If a client fails to access a backend server through a load balancer, the backend server is declared unhealthy.

Background

The load balancer uses IP addresses in 100.125.0.0/16server to send heartbeats to backend servers and check their health. To ensure that health checks can be performed normally, IP addresses in 100.125.0.0/16 must be allowed to access the backend servers.

If a backend server is detected unhealthy, the load balancer will remove this server from the backend server group and stop forwarding traffic to it, until it is declared healthy again.

When a backend server is detected unhealthy, the load balancer will stop routing requests to this server.
When the health check function is disabled, the load balancer will consider the backend server healthy by default and still route requests to it.
ELB uses IP addresses in 100.125.0.0/16 to perform health checks and route requests to backend servers.
Traffic is not routed to a backend server with a weight of 0, and the health check result is meaningless.

Troubleshooting Procedure

Possible causes are sequenced based on their occurrence probability.

If the fault persists after you have ruled out a cause, check other causes.

It takes a while for the modification to take effect after you change the health check configuration. The required time depends on health check interval and timeout duration. View the health check result in the backend server list of target load balancer.

Figure 1 Troubleshooting process
Click to enlarge

**Table 1** Troubleshooting process
Possible Cause	Solution
Health check configuration	See Check the Health Check Configuration.
Security group rules	See Check Security Group Rules.
Network ACL rules	See Check Network ACL Rules.
Backend server listening configuration	See Check the Backend Server.
Backend server firewall configuration	See Check the Backend Server Firewall.
Backend server route configuration	See Check the Backend Server Route.
Backend server load	See Check the Backend Server Load.
Backend server host.deny file	See Check the Backend Server host.deny File.

Check the Health Check Configuration

Click the name of the target load balancer to view its details. On the Backend Server Group tab page, click the name of the target backend server group. In the Basic Information area, click Configure on the right of Health Check and then check the following parameters:

Protocol
Port
Check Path If HTTP is used for health checks, you must check this parameter. A simple static HTML file is recommended.

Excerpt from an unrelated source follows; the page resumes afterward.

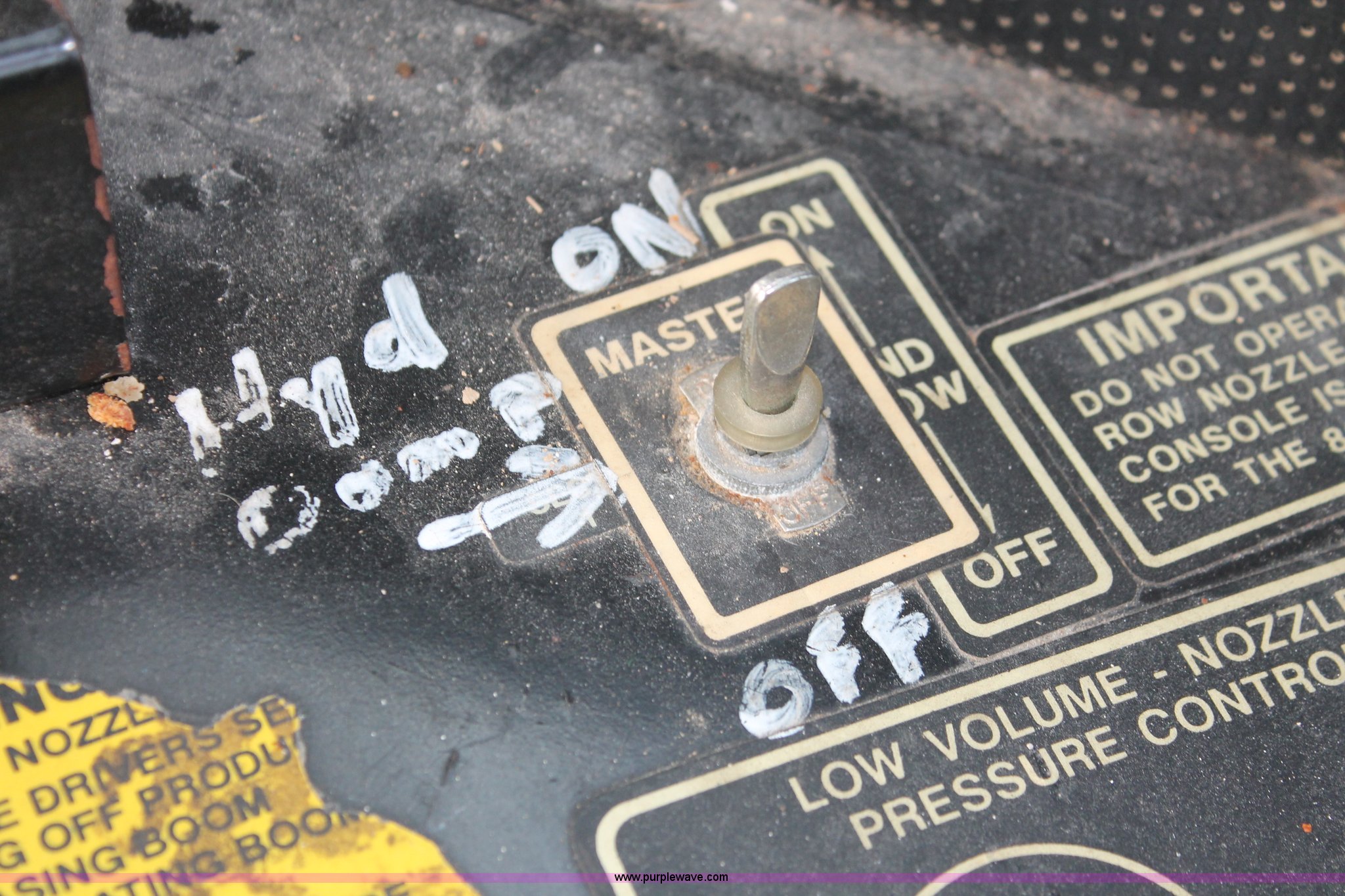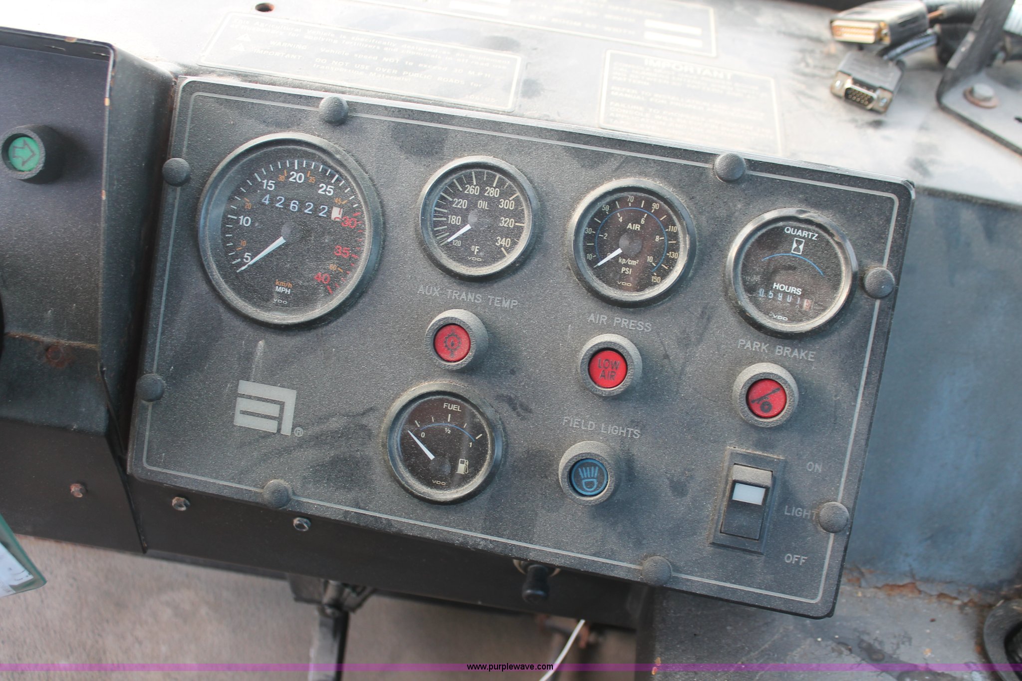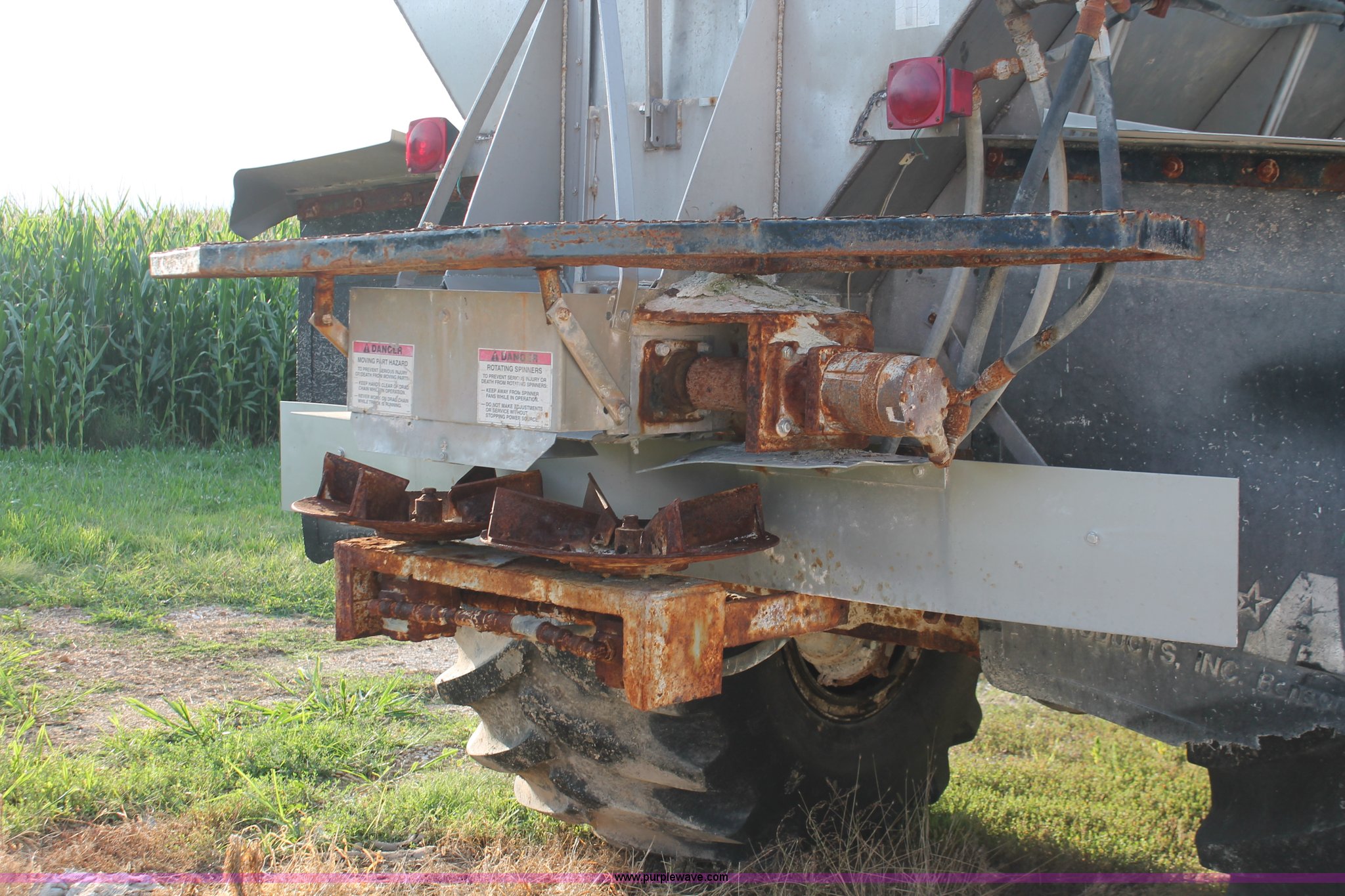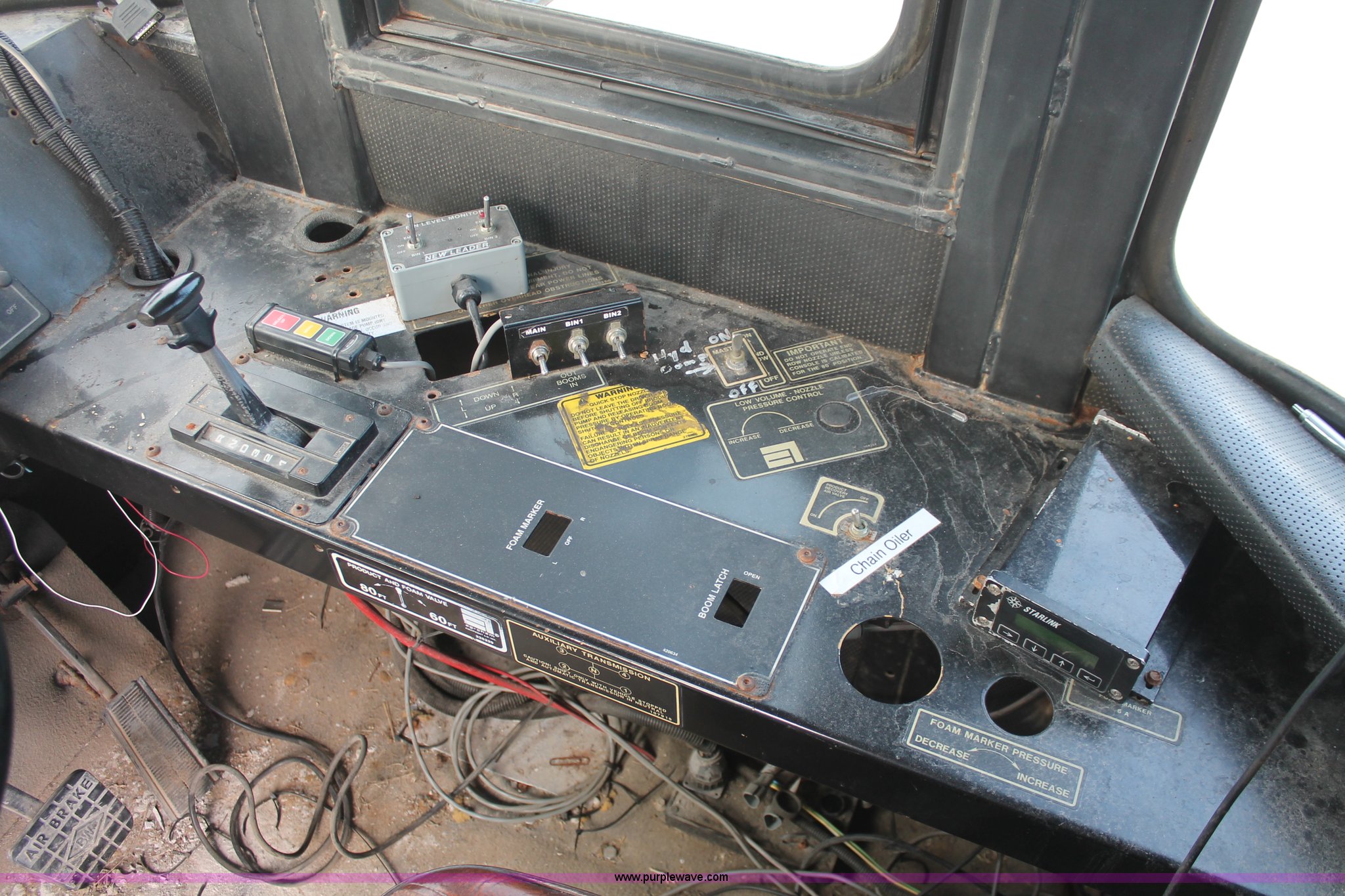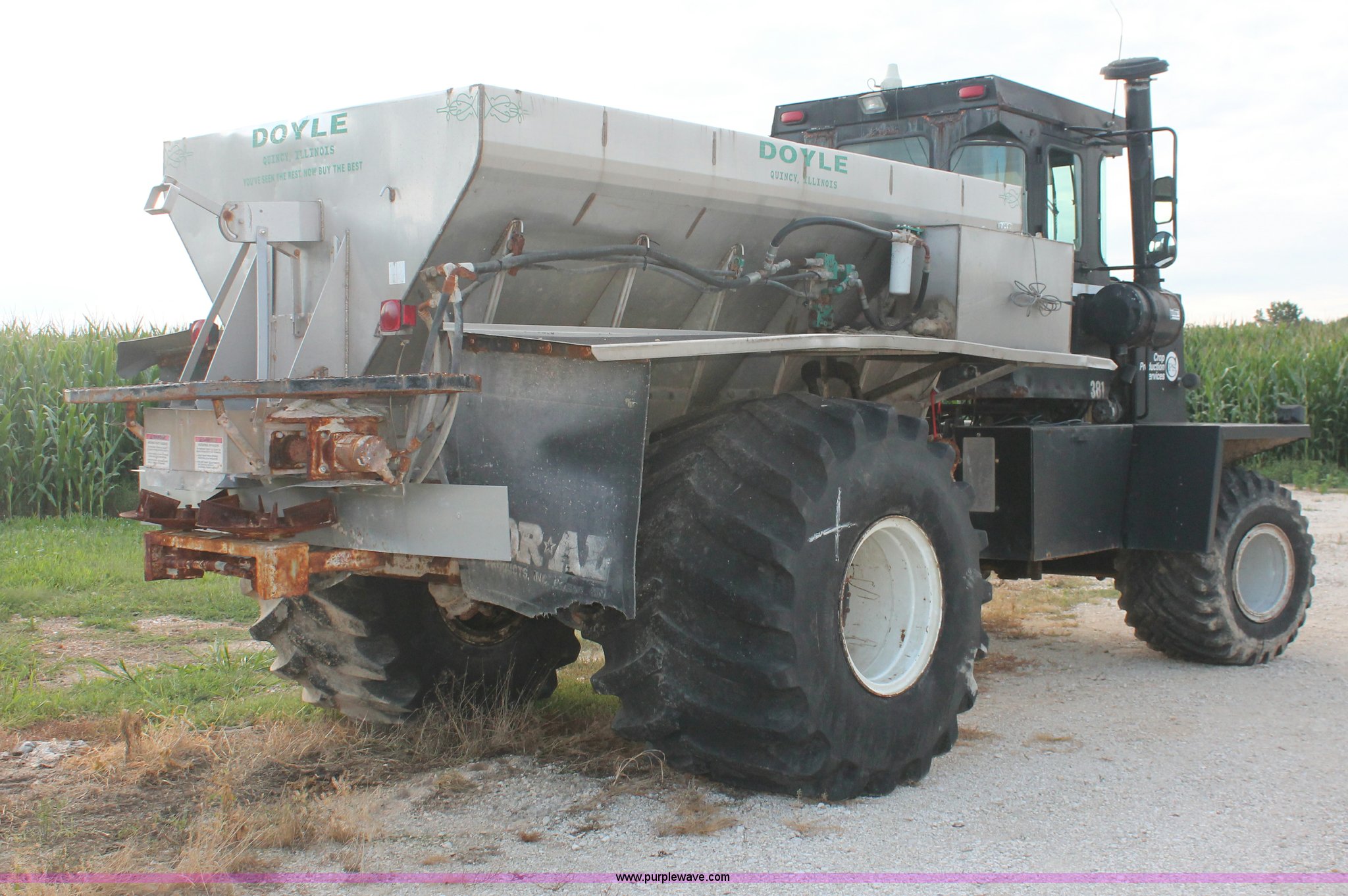 Purple Wave is selling a used Applicator Self Propelled in Indiana. This item is a 1994 Ag-Chem TerraGator 1844 spreader with the following: 42,622 miles on odometer, 5,901 hours on meter, Six cylinder diesel engine, Non-operational, Automatic transmission, Four speed auxiliary transmission, AC and heat, AM/FM, Suspension seat, Engine governor, Starlink GPS, New Leader bin level monitor, New Leader 3020 spreader bed, Stainless steel, 12'L, Eight ton capacity, 20" dual spinners, 20"W conveyor, Fimco poly tank, Volume adjustable discharge chute, PTO, Wet kit, 48x31.00-20 front tires, 66x43.00-25 rear tires, Undiagnosed engine issues, Serial 8T10794, Unit# 48818

Check Security Group Rules

TCP, HTTP, or HTTPS listeners: Verify that the inbound rule of the security group containing the backend server allows access from 100.125.0.0/16 and allows the TCP traffic from the health check port.
- If the health check port is the same as the backend port, the inbound rule must allow traffic from the backend port, for example, 80.
- If the health check port is different from the backend port, the inbound rule must allow traffic from both the health check port and backend port, for example, 443 and 80.
  
  You can check the protocol and port in the basic information area of the backend server group.
Figure 2 Example inbound rule
UDP listeners: Verify that the inbound rule of the security group allows traffic from the health check protocol, health check port, and 100.125.0.0/16. In addition, the ICMP traffic must be allowed in the inbound direction.
Figure 3 Example inbound rule that allows ICMP traffic

Access to the backend server from IP addresses in 100.125.0.0/16 must be allowed. Load balancers communicate with backend servers using these IP addresses. After traffic is routed to backend servers, source IP addresses are converted to IP addresses starting with 100.125. Besides that, the IP address of the health check node is allocated from 100.125.0.0/16.
If you are not sure about the security group rules, change the protocol and port range to All for testing.
For UDP listeners, see What Are the Precautions of Using UDP for Health Checks?

Check Network ACL Rules

A network ACL is an optional subnet-class security configuration. You can associate one or more subnets with a network ACL for controlling traffic in and out of the subnets. Similar to security groups, network ACLs provide access control functions, but add an additional layer of defense to your VPC. Default network ACL rules reject all inbound and outbound traffic. If a network ACL and load balancer reside in the same subnet, or the network ACL and backend servers associated with the load balancer reside in the same subnet, the load balancer cannot receive traffic from the public or private network, or backend servers become unhealthy.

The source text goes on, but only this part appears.